「会話はできるのに、片付けができない」「なにを聞いても『どうでもいい』という」――。独居の親にみられるこうした変化を目の当たりにすると、真っ先に疑うのは認知症かもしれません。しかし原因は、認知症に限らないこともあって……。本記事では、Aさんの事例とともに親の老いへの備え方について、FPオフィスツクル代表・内田英子氏が解説します。
「認知症じゃなかったの…」42歳娘、涙。ゴミ屋敷と化した実家に引きこもる、“もともと社交的だった”年金生活・69歳父の真相【FPの助言】
「お父さん、家の中どうなってるの…?」
Aさん(42歳)の父は若いころ、人付き合いも多く、仕事仲間との交流を生きがいに、管理職として忙しく働いていました。現役時代の生活は“仕事中心”。しかし、65歳でリタイアしたあとは多くのつながりが切れ、父が70歳を目前に控えた現在となっては、会話の相手は母やAさん以外にほとんどいなくなってしまったようです。
そのようななか、母が持病の悪化により、入院することに。
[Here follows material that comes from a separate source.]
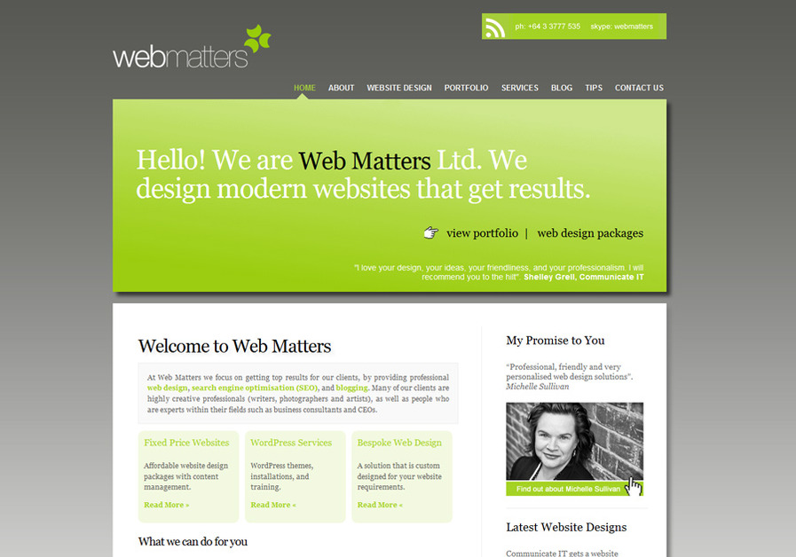 At Web Matters we focus on getting top results for our clients, by providing professional web design, search engine optimisation (SEO), and blogging. Many of our clients are highly creative professionals (writers, photographers and artists), as well as people who are experts within their fields such as business consultants and CEOs.

1ヵ月経ち、Aさんは母のお見舞いにはこまめに行っていたものの、実家に帰ってくるのは久しぶり。玄関を開けた瞬間、かび臭いにおいがして、思わず足を止めました。
玄関は一見すっきりしています。ですが、居間にはゴミ箱から溢れ出したゴミが散乱。キッチンも分別されていないままの汚れたスーパーのパックの容器や割り箸、ペットボトルやお酒の空き缶などで埋め尽くされ、ガスコンロの上まで塞がっている状態でした。かろうじて洗濯は回している様子でしたが、取り込んだ洗濯物は廊下に放置されたまま。埃をかぶって、しわしわになっているものも目立ちました。
「……お父さん、これじゃゴミ屋敷じゃない……。ちょっと、どうしたの?」
振り向いた父は髪が乱れ、表情には元気がありません。仕事を生きがいにしていた姿とは、まるで別人のようでした。
Aさんの頭には真っ先に「認知症」という言葉がよぎります。
「認知症にしては、ちょっと違う」娘が感じた違和感
しかし、話してみると日付や記憶も問題なく、計算もスムーズで会話も成立します。「認知症じゃなかったの……?」 Aさんは戸惑いました。
「お金に困ってるの? 買い物に行けないならヘルパーさんを頼もうか?」 Aさんがそう尋ねると、父は力なく首を横に振りました。
「心配ないよ。退職金も手つかずだし、年金も母さんと合わせて月28万円入ってくる。金には困ってない」
金銭的な不安はないはずの父。しかし、続けてこう漏らします。
「別に外に出たいと思わんのよ」「なにを食べたいって聞かれても、……特にない」「片づけなきゃとは思うんだけどねえ……」と気力の落ちたような言葉ばかり。